Editor’s Note – On many Fridays we like to bring Mountaineer fans articles of Mountaineers who do good things in their communities for others. We feel that after you’ve seen bad and negative news throughout the week, we like to send you into the weekend with a feel good story. With WVUPros being new to BGS, we thought we’d bring back a few Feel Good Friday articles from the archives.
Here is one of those (originally published in May) that is timely for this week as Scooter Berry prepares to help the Jacksonville Sharks compete for the Arena League Championship on Saturday night (8:00 ET, ESPN). Enjoy.
Scooter Berry knows that it’s nothing short of the grace of God that has him back on the playing field this year.
Earlier in the week, the video below was circulated on the Internet making us proud over at WVU Pros. We always love to see triumphs, and Berry’s story is one of persistence and determination – two traits that Mountaineers know well.
Berry, a New York native and Mountaineer defensive end from 2006-2010, has had quite the football journey. However, it seems that each time there is a bump in the road, he comes back fighting harder than ever.
In 2005, Berry suffered a left knee injury and was out of football for over a year, only to come back to football as a Freshman All-American at WVU in 2007.
Fast forward to 2009, when Berry tore his shoulder in his red-shirt junior season in early September against ECU. Many may have counted him out at that point, but he underwent off-season surgery and returned for his senior season finishing with 35 tackles and 4.0 sacks and receiving Second-Team All-Big East honors.
Berry did a brief stint with the Houston Texans right out of college before signing with the Jacksonville Sharks and setting an AFL rookie record of 13 sacks.

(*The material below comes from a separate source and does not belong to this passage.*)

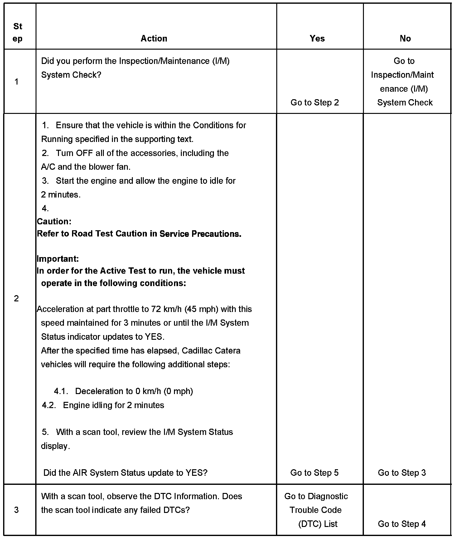 3. This step is to identify a first failure of a type B DTC. A DTC only appears on the I/M System Status display when it becomes a malfunction indicator lamp (MIL) illuminating DTC. This occurs on the second failure of a type B DTC. A first failure of a type B DTC will not allow the I/M System Status to update to YES. Refer to Diagnostic Aids.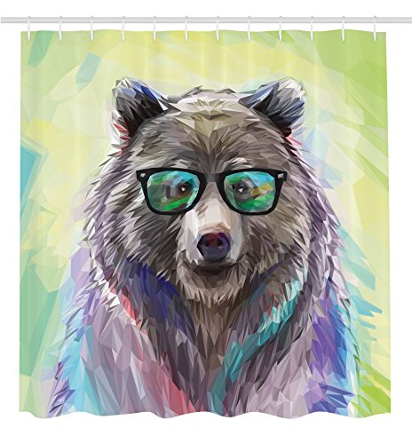 Funny Animal Shower Curtain by Ambesonne, Cool Low Poly Hipster Bear Wild Animal Portrait Spectacled Bear with Fluffy Colorful Fancy Decor Cute Charming Bathroom, Lime Green Blue Gray Pink Purple

In 2012 he signed with the Montreal Alouettes of the CFL, and again was shaken up by his most severe injury – a multi-ligament knee injury. This was career ending.
…or so they said.
“God had something different in mind,” said Berry in an exclusive interview with WVUPros.
Berry attended church at a young age, but stopped going around 12 or 13 years old.
“I believe there was a string of events – most importantly from 2012 up until now – that lead me closer to God,” he said.
Although he didn’t pinpoint specific events, he explained that it was a mix of injuries suffered, career decisions, lost friendships and new friendships.
“I’m not sure if you would call them spiritual mentors, but when I think about this new spiritual journey there are several people that stand out in my life, including Michael Ola, Julie Whiteman, Arley Nahas, and Tony Goodman,” he explained.
“These people are really good examples to me of what it is to live a Christ-filled life. Being around these people and seeing how they responded to certain situations intrigued me. The love, patience, humility and kindness they embodied was amazing, and I was compelled to start out on a spiritual journey of my own.”
While those four people helped him on his walk with God, each in their own personal way, Berry did not want to leave out what was taught to him his WVU defensive line coach, Bill Kirlav.
“Coach Kirlav helped shaped my mental toughness, both on and off the field. There were many times I thought about quitting but I had to listen to God and put that mental toughness to use to bring me back,” Berry said.
While many others were telling him it was time to “hang up the cleats”, and even when he started down other career paths, Berry knew that God was telling him he belonged on the football field.
It was not an easy journey, by any means, but Berry came back from what “they” called his career-ending injury and is now giving God all the glory for directing his path.
Berry is now back in the AFL with the Jacksonville Sharks. He knows that, at least for right now, he is where is he supposed to be and trusting God to take it from here.